There’s no escaping the fact that Cité Soleil has a reputation. Poor. Dirty. Violent. Googling the name turns up headlines like “The Most Dangerous Place on Earth” relating stories of horrifying gang violence during the 2004 coup that deposed President Aristide.
The residents of Cité Soleil know all too well how they are viewed. “People think 75% of Cité Soleil is full of bad, violent people – that only 25% percent of the people here are good and care about their community,” says Michel Wilgimpson, a resident of Cité Soleil. Wilgimpson is one of the organizers of the Fwa LaDiferans, an annual fair launched in 2010 by a team of community organizations: “We want to show that it is the other way around.”
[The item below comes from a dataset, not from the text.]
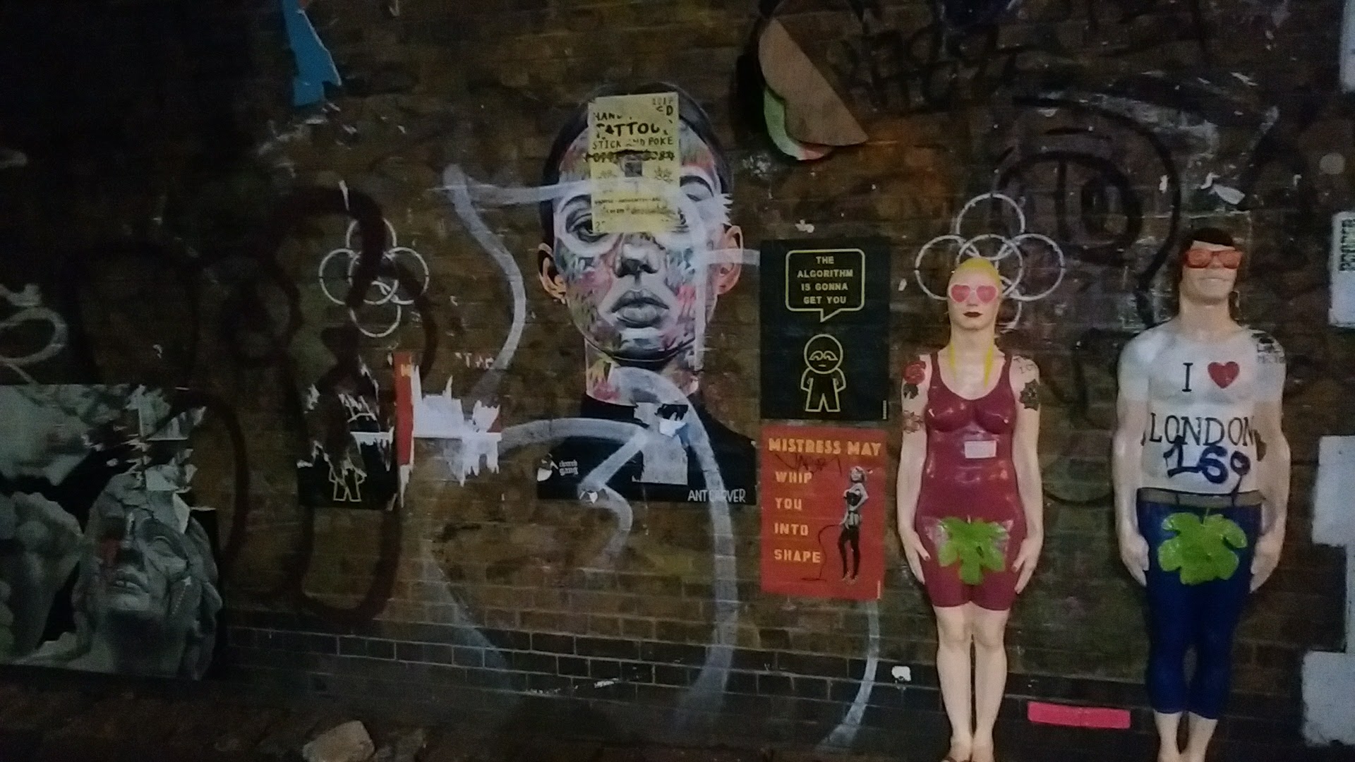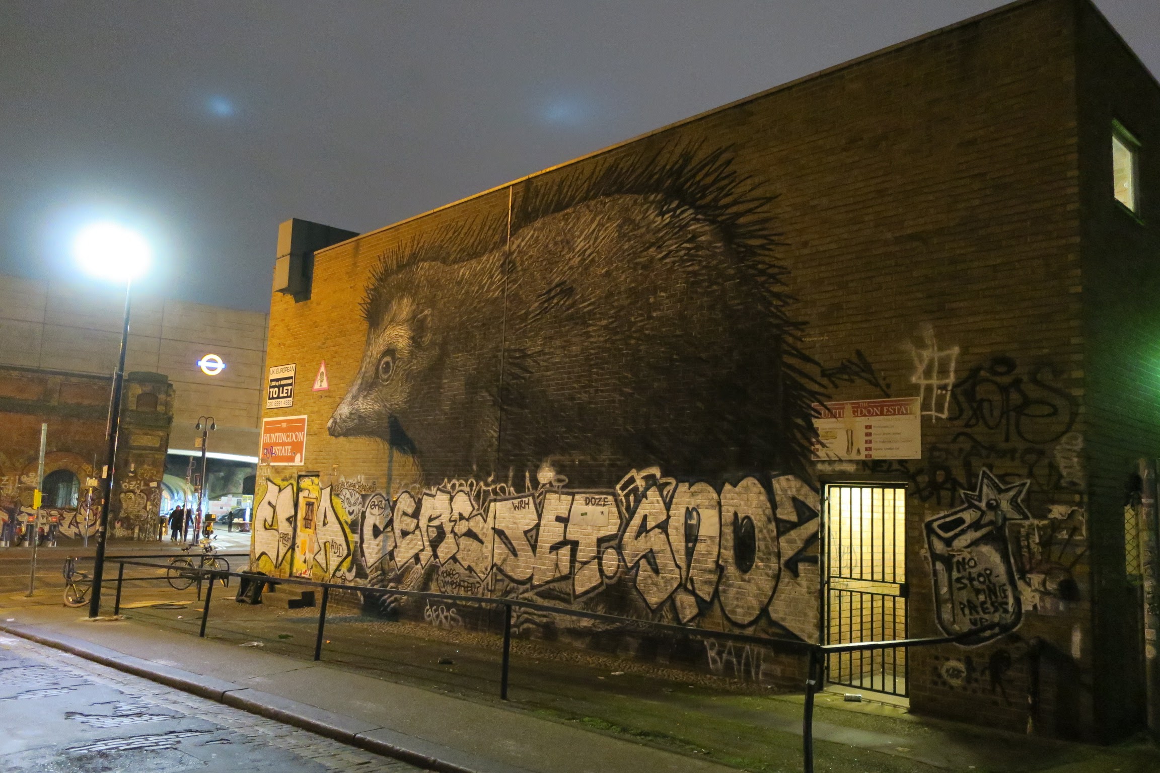 まずはロンドンバスに乗ってショーディッチへでかけました。息子おすすめの街です。 落書き芸術館のBanksyを生み出したロンドンは落書きの街だそうです。 |

Now in its fourth year, the fair is doing just that. Ti Marchans and organizations showcase local agriculture and handcrafts, and a stage at the center of the fair showcases musical and dance performances, as well as informational presentations by community health workers and other fair participants.
SOIL was honored to be invited for the first time to participate in this summer’s fair, held last weekend. Several employees manned a table demonstrating ecological sanitation, showing off SOIL’s household toilet, compost, and plants. I met sixteen year-old Yves Valcourt as he was checking out a few of the plants displayed at the SOIL table, though he quickly assured me that he was already very familiar with what we do. “I’ve used your toilets at Sakala, so I know that you make natural fertilizer with the waste from the toilets!”
SOIL also provided four of our EkoMobil portable toilets for fair-goers to use. While I’ve written before on the many advantages of SOIL’s EkoMobil toilets, I’m happy to say that I can now personally vouch for their superiority over standard port-a-potties. (Even after two days of sitting in 100+ degree temperatures, the EkoMobil toilets were clean and pleasant!)
The fair was a great success, and SOIL was glad to be part of such an important event. As Yves said, “I’m proud that we do this every year. It brings people from other neighborhoods so they see that beautiful things can come from Citè Soleil, too.”